By Glen C. Hansen
In re Consoidated Delta Smelt Cases, 2011 U.S. Dist. LEXIS 98300 (E.D. Cal. Aug. 31, 2011)
In 2008, the United States Fish and Wildlife Service (“FWS”) issued a biological opinion (“BiOp”) under section 7 of the Endangered Species Act that addressed the impacts of the coordinated operations of the federal Central Valley Project (“CVP”) and State Water Project (“SWP”) on a threatened fish known as the California delta smelt in the Sacramento San Joaquin Delta. The BiOp concluded that “the coordinated operations of the CVP and SWP, as proposed, are likely to jeopardize the continued existence of the delta smelt” and “adversely modify delta smelt critical habitat.”
In November 2009, the U.S. District Court for the Eastern District of California held that the federal agencies violated NEPA when they implemented the BiOp without conducting the required NEPA analysis. Delta Smelt Consol. Cases v. Salazar, 686 F.Supp.2d 1026 (E.D.Ca. 2009).

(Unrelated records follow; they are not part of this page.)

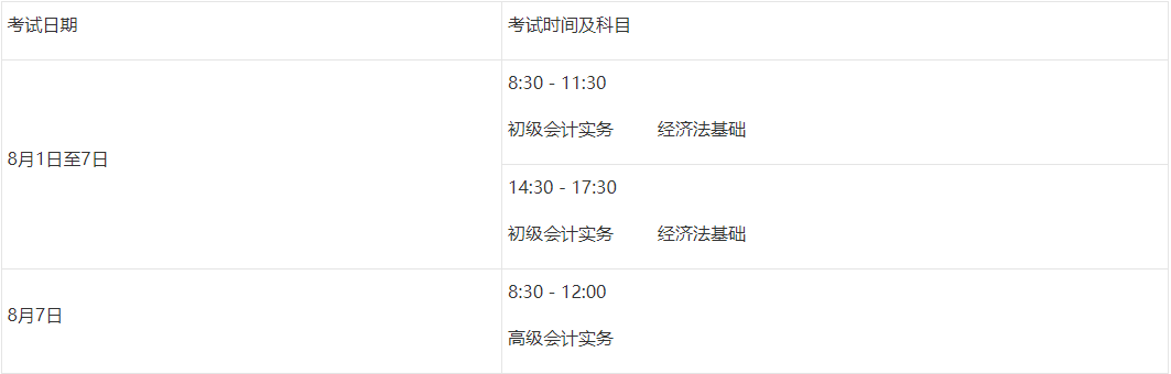 (二)高級資格考試:8月7日8:30-12:00舉行《高級會計實務》科目考試。
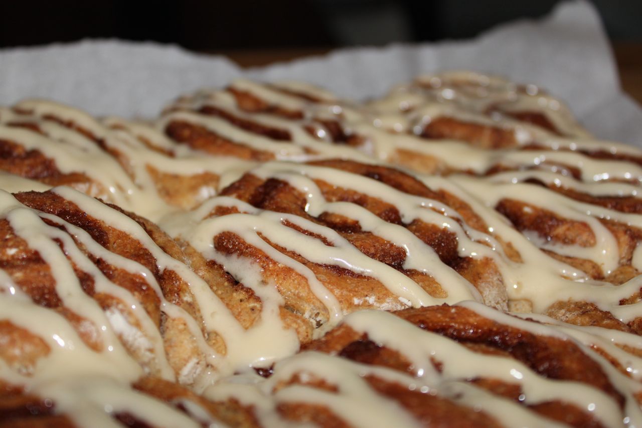 Yes, they are glazed with a sweet cream cheese glaze. A cinnamon roll goes from great to ‘take the pan to the car to eat them all yourself’ fabulous with a cream cheese glaze.
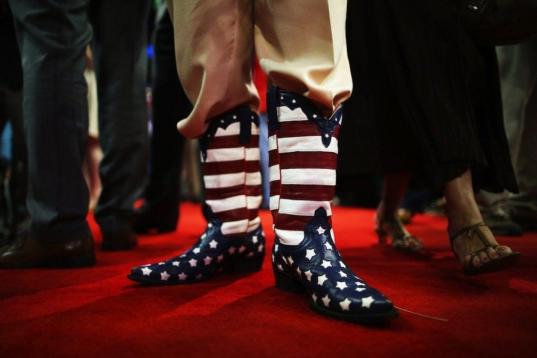 El delegado Don Genhart lleva unas patrióticas botas de cowboy durante la convención.
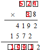 根据第一次乘得的积,可求出上面的因数是4192÷8=524,则根据第二次乘得的积是1572,则下面的因数的十位上是1572÷524=3,即本题是524×38=19912,据此即可解答.
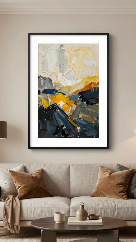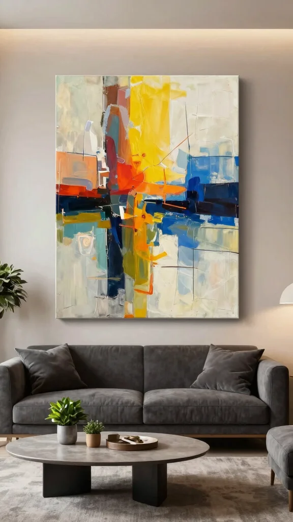 Start with your space and mood. Measure wall areas, note natural light, and pick pieces that echo your living room decor style. If your space is minimalist, a single large geometric print in a bold color can be a strong focal point; if it’s cozier, a trio of smaller abstracts adds texture without crowding. Consider color relationships: pull two colors from your palette to unify the look or use contrasting hues for drama. Look for abstract art ideas that resonate with you and think about framing. Rotate prints over time with a slim ledge so you can refresh your contemporary wall art without committing to new pieces.
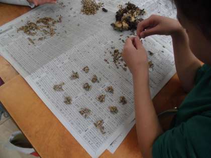 JA大枝さんから頂き、学校に咲き誇ったひまわりの種を算数科の「1000までの数」の学習を活用してみんなで数えました。
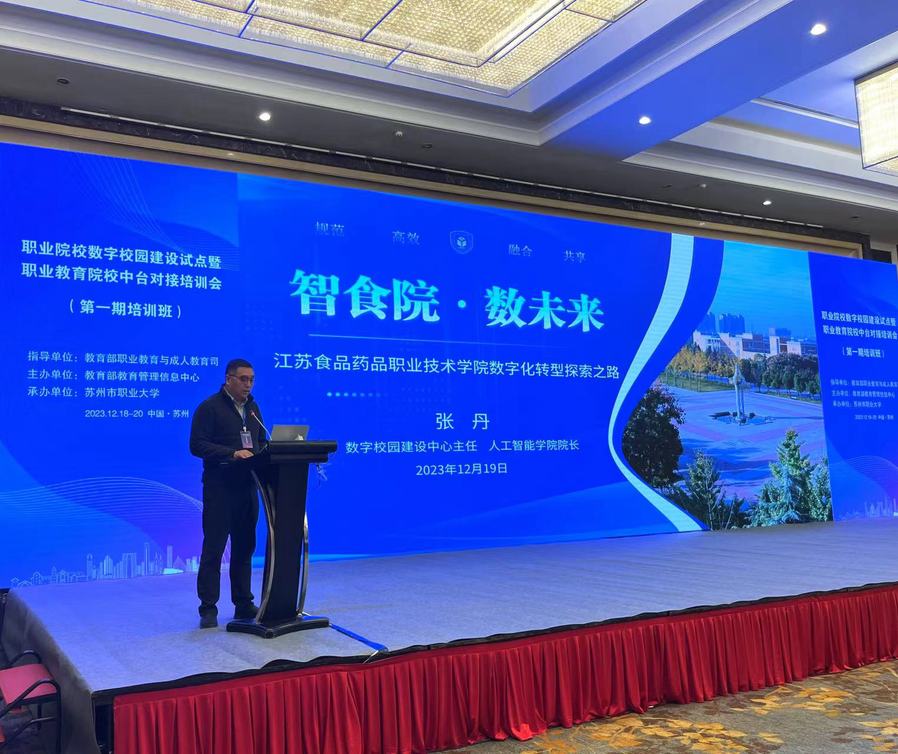 12月19日至20日,由教育部职业教育与成人教育司、教育部教育管理信息中心主办的“全国职业教育智慧大脑院校中台对接培训会”在江苏苏州召开,好博·(中国)手机网页版党委委员、副院长焦宇知,人工智能学院院长张丹出席培训会并作典型经验分享。
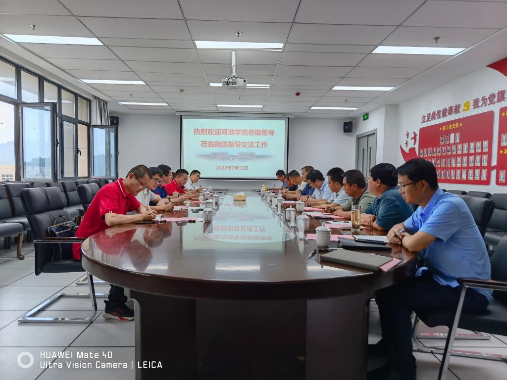 7月15日下午,河池公司人事处处长苏安、河池公司人工智能与制造公司党委副书记、经理彭建盛,党委副书记邹健初、副经理宋华宁、王波,数理公司副经理潘继环等一行6人来公司考察交流,公司副经理杨能勋、白宗文,党委副书记肖金学,自动化系主任杨延宁,电子与信息工程系主任李建新,物理系主任王伟国,学科带头人曹新亮、何智慧等出席了座谈会。座谈会由公司党委书记常胜伟主持。

In December 2010, the District Court for the Eastern District ruled, in part, that the Reasonable and Prudent Alternative (“RPA”) Component 3, Action 4 (the “Fall X2 Action”) of the BiOp violated the Administrative Procedure Act’s and FWS’s own Consultation Handbook implementing the ESA. The RPA was purportedly designed to improve habitat for delta smelt growth and rearing, and required sufficient Delta outflow to maintain a monthly average location of two parts per thousand salinity (“X2”) no greater (more eastward) than 74 kilometers from the Golden Gate Bridge in “wet” water years and 81 kilometers from the Golden Gate Bridge in “above normal” water years. The average monthly location of X2 in the fall must be maintained in September and October (in November, the Fall X2 Action requires the Projects to adjust their upstream reservoir releases to prevent the storage of inflow). The court held that FWS failed to explain why it is essential to maintain X2 at 74 km and 81 km respectively, as opposed to any other specific location: “The public cannot afford sloppy science and uni-directional prescriptions that ignore California’s water needs.” Delta Smelt Consol. Cases v. Salazar, 760 F.Supp.2d 855, 969 (E.D. Cal. 2010).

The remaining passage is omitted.